Gillian came home from work early. It’s a decision that never feels right. What if it’s just a temporary lapse? What if she just didn’t sleep well and is simply tired? What if the protein diet is working, and the tumor is shrinking? How can we be the experts on what Mila is feeling? How can we be the ones to decide that it’s her time?
She was supposed to tell us, but in a more obvious way. In a way that would convince each of us that she needed our help to go.
The vet assessed Mila thoroughly. Mila was even wagging her tail, stoic and eager to please, anxious for a pet, right to the end.
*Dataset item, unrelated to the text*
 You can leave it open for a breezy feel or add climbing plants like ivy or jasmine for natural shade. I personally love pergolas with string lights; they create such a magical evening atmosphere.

The tumor that was the size of a grapefruit in May, had ballooned into a basketball. Mila would have felt like she was nine months pregnant, which explained her nervousness to jump up on the couch and bed, assuming her once-usual position. Her hind legs would give out, and her eyes often communicated how daunting the stairs looked.
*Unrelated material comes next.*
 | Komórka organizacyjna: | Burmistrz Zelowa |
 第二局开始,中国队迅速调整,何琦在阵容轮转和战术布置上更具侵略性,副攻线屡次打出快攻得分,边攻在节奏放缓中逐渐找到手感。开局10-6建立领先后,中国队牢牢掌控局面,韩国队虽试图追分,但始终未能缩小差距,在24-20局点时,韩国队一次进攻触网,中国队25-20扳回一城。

We can only hope that Mila didn’t suffer. It would have been easy to selfishly decide to keep her alive longer, because that would be easier for the weepy humans she left behind.
My mind has been so full all night, of darling, comical and gentle images of Mila. When she swam across the river in White Rock and sunk up to her torso in the muddy bank—but refused to swim back. When she was yelled at by a woman in an inner tube at Hayward Lake, Mila’s head already deep in her bag of potato chips on shore.
I think of the time I was looking to buy a vehicle and pulled into a used car lot to check out a Jeep. I had taken Bently and Mila to Clearbrook Park, and they were soggy, sleepy and content in the back of Wanda’s truck. I told the dogs I’d be right back and walked around the Jeep, wrote down the mileage and other details posted on the windshield. I came back to the truck, shut the door, looked in the rear view mirror, and they were gone. The dogs were GONE. My heart was like a jackhammer, I felt like my skin was going to catch on fire. Why didn’t I lock the truck, what the hell was I thinking? They had been stolen out of the back hatch while I was looking at some stupid Jeep that I didn’t even want.
I saw two heads pop up, eyes like golf balls. “Jesus Christ!” They had been there all along, peacefully sleeping. I unclicked my seatbelt and crawled across the back seat and practically made-out with the both of them.
I bet Mila is still laughing over that one.
Tonight, as she looks down on us all in her healthy, younger heavenly body, I wonder what she remembers best. I wonder what stories she will tell her new dog friends about her days in Abbotsford. Certainly, the other mutts will be envious when she starts going on about her beach life in Spain, and her years in California. When she describes Bently, and what a hunk of a golden retriever he is, the girl dogs will all be sighing.
Wanda is sure that her mom was there to welcome Mila today–and Mila would be happy for the undivided attention. She always acted like she was free to a good home, aimlessly walking off with other people and their dogs, walking up to the front stoops of neighbourhood houses. Halloween was the worst as she would leave out the door with every trick-or-treater that stopped by our place.
I’m glad we were able to take her to White Rock one last time. It was where she felt most alive. She’d have her nose up in the air miles from the ocean, inhaling her favourite place.
She has filled my heart and stretched it to a size that can never recoil, and now squeezed it with anguish. Mila showed me the power of love between a dog and a human, the bond that knows no boundary, and the incurable ache that penetrates every blood cell and fragment of bone when they are no longer around.
I will miss her with every footstep, because she should be right behind me.
For Mila Bonneville, The Very Best Dog in the World
July 5th 1998—August 24th 2009
I hope you had the time of your life.